[Assignment]:
In the entries below, find the line with "как выглядит Vintage" and the line with "Melalui sinergi yang"; reproduce those two lines and all lines between them exactly, without pictures.

[Data in this exercise]:

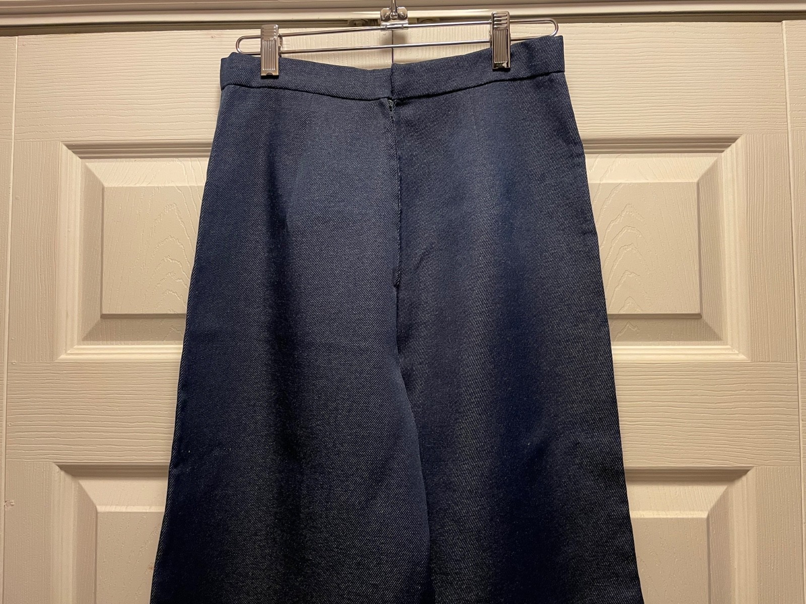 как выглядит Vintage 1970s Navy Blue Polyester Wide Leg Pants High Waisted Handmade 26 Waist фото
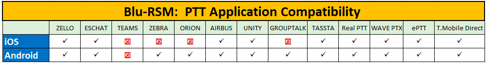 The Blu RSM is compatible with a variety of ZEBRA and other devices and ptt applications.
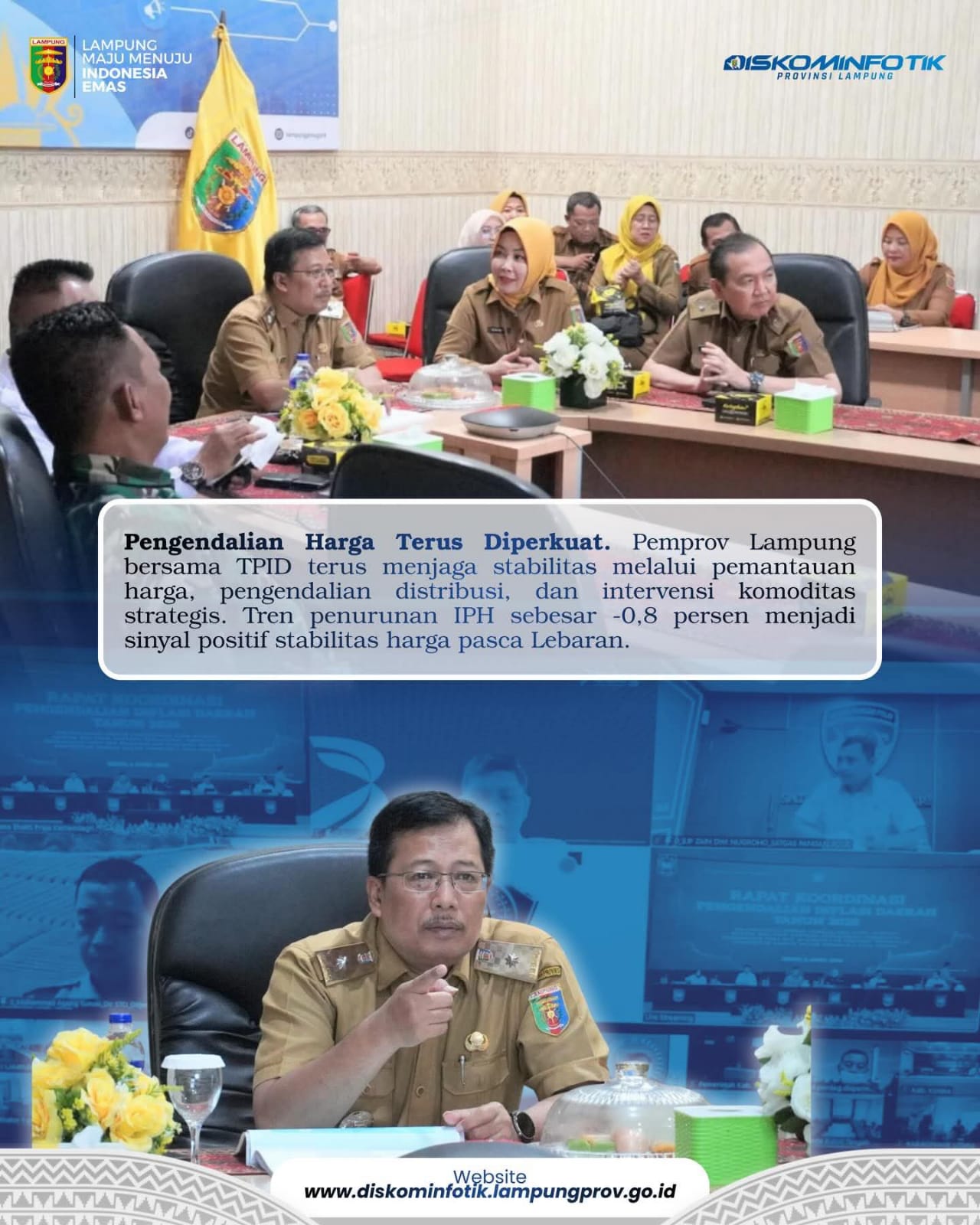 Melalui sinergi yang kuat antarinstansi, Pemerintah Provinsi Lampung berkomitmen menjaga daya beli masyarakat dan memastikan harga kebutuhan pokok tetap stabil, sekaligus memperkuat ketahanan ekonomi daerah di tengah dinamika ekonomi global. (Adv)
==
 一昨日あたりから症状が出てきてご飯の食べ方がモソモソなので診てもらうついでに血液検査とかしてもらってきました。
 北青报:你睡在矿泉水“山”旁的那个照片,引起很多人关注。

[Written answer]:
 как выглядит Vintage 1970s Navy Blue Polyester Wide Leg Pants High Waisted Handmade 26 Waist фото
 The Blu RSM is compatible with a variety of ZEBRA and other devices and ptt applications.
 Melalui sinergi yang kuat antarinstansi, Pemerintah Provinsi Lampung berkomitmen menjaga daya beli masyarakat dan memastikan harga kebutuhan pokok tetap stabil, sekaligus memperkuat ketahanan ekonomi daerah di tengah dinamika ekonomi global. (Adv)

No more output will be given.